(Beginning of Data section)

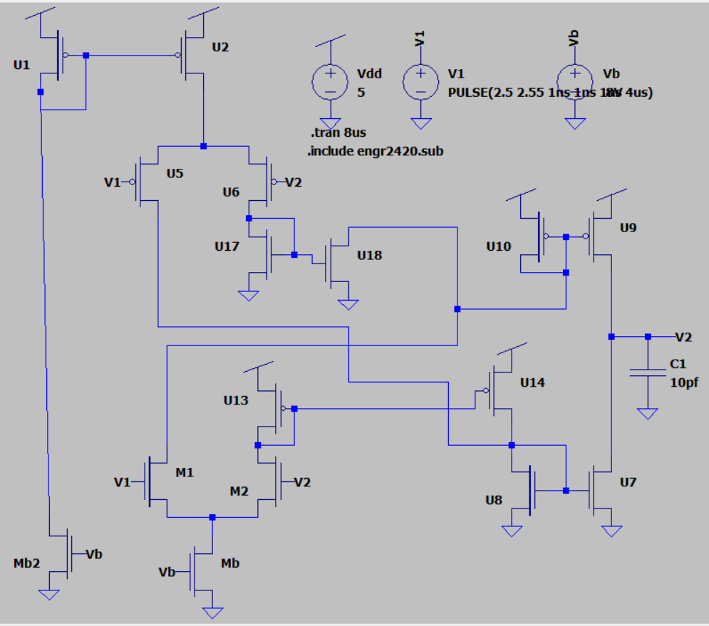 To begin, a simplified current-mirror differential amplifier was studied and tested to determine input and gate characteristics, differential mode voltage gain and the frequency response of the system. The experiments were run on a hardware setup and analyzed in MATLAB. After, a new current-mirror differential amplifier was designed and tested in LT Spice. This new amplifier was designed to have an input voltage that could operate anywhere in the rail-to-rail voltage range. A combination of both nMOS and pMOS transistors were used in order to keep the transistors operating in saturation mode at any given input voltage.
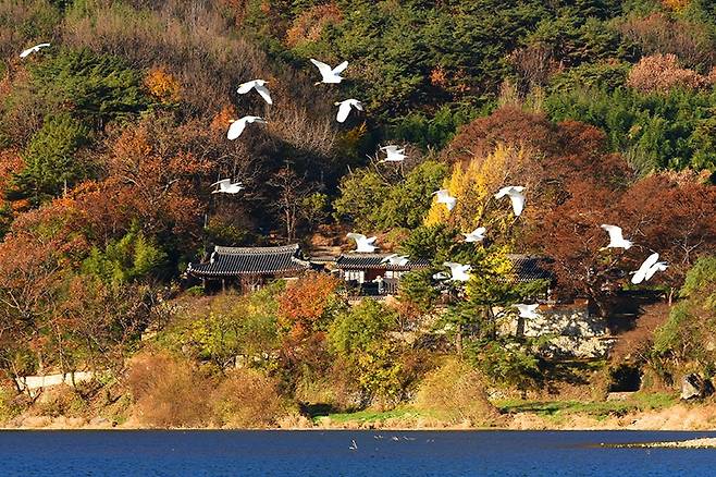 이곳은 신라시대 때 농업용수 공급을 위해 축조된 저수지로 백성들을 위한다는 의미에서 위양지라 불리는 곳입니다. 저수지 가운데에 5개의 작은 섬과 완재정이라는 작은 정자가 있는데요. 이곳에 이팝나무 등 진귀한 나무들을 심어 사시사철 아름다운 운치를 즐길 수 있도록 조성해 놓았죠.
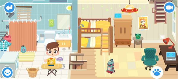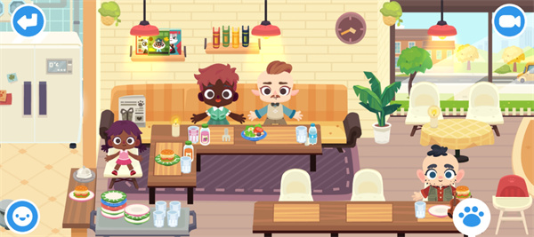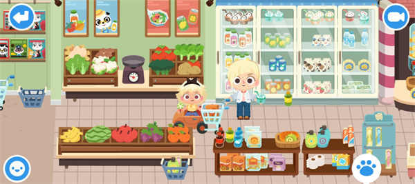 1、双击打开熊猫博士小镇商场官方版游戏,你可以探索不同的房间,像是从客厅移动到厨房,就会见到里头放着大量的食物道具,可吃可煮;
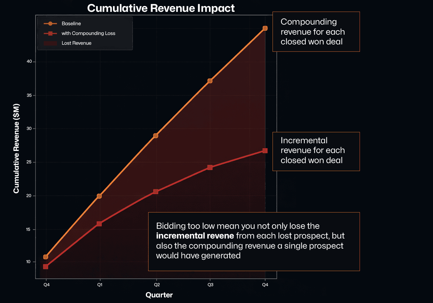 This creates a compounding disadvantage. Every prospect your competitor wins today represents years of lost revenue, reduced market share, and a stronger competitive moat you'll have to overcome later.

(End of Data section)

→ What the task asks:
Your copy should match the data above exactly, apart from the pictures.

→ Reply:
 To begin, a simplified current-mirror differential amplifier was studied and tested to determine input and gate characteristics, differential mode voltage gain and the frequency response of the system. The experiments were run on a hardware setup and analyzed in MATLAB. After, a new current-mirror differential amplifier was designed and tested in LT Spice. This new amplifier was designed to have an input voltage that could operate anywhere in the rail-to-rail voltage range. A combination of both nMOS and pMOS transistors were used in order to keep the transistors operating in saturation mode at any given input voltage.
 이곳은 신라시대 때 농업용수 공급을 위해 축조된 저수지로 백성들을 위한다는 의미에서 위양지라 불리는 곳입니다. 저수지 가운데에 5개의 작은 섬과 완재정이라는 작은 정자가 있는데요. 이곳에 이팝나무 등 진귀한 나무들을 심어 사시사철 아름다운 운치를 즐길 수 있도록 조성해 놓았죠.
 1、双击打开熊猫博士小镇商场官方版游戏,你可以探索不同的房间,像是从客厅移动到厨房,就会见到里头放着大量的食物道具,可吃可煮;
 This creates a compounding disadvantage. Every prospect your competitor wins today represents years of lost revenue, reduced market share, and a stronger competitive moat you'll have to overcome later.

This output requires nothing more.